Often we don’t even know how much we’ve been pushing
ourselves, how much we’ve ignored our body’s messages to slow down. Or how much we’ve denied ourselves downtime and
find instead some project that has to be finished. I’m often surprised at how tired I feel the
first few days of vacation. My body
seems to be telling me that it has needed rest for some time and it now intends
to take it.
Vacations provide me with an excuse to unplug. I loosen the obsessive pull to check
messages and return phone calls. I take
a holiday from the news. I reengage in
things I love, like photography. I
sharpen my sense of perception and see the beauty around me.

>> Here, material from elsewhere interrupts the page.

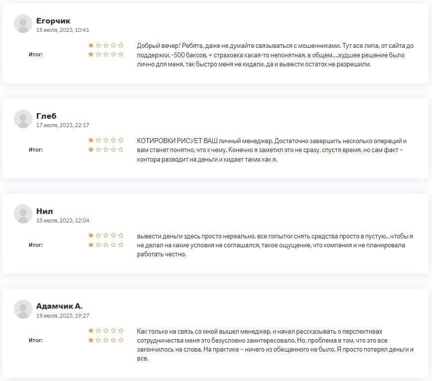 Тут мошенником несет за километр сразу видно что никаких документов нет условия торговли мутные. Скажите ну какие брокеры придлагают бонусы в инвестиционых планах в чем вобще смысл таких придложений кроме дешевой заманухи. И таких вот убогих жуликов полный интернет я немогу понять как они вобще рыбку ловят потому что схемы их совершено неменяются людей кидают пачками и все равно находиться лошок который думает что он не дурак и его точно ни обманут.
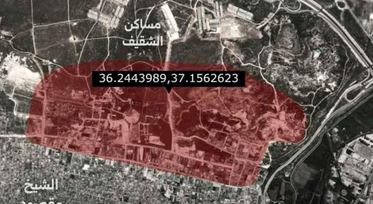 Suriye ordusu, Halep'in Şeyh Maksud Mahallesi'nde terör örgütü YPG/SDG unsularının yuvalandığı yerlerin haritalarını paylaşarak bu noktaların hedef alınmasının planladığını belirterek sivillerin bu alanlardan uzak durmaları istedi.

One year when I lived in Italy I was introduced to the
European tradition of taking the month of August off. I was shocked. Taking an entire month off for vacation seemed
extravagant. Then as I considered this more, it seemed not
strange, but the epitome of sanity. Americans
not only don’t take this much time off, our work ethic seems to push us in the
opposite direction. Sociologist say we work
longer hours, take fewer vacation days and retire later than workers in other
industrialized countries.
Can this propensity
to shoulder on, to skip vacations or take work with us while on vacation, be
healthy? Some recent studies are
showing the dangers of ignoring the need for downtime.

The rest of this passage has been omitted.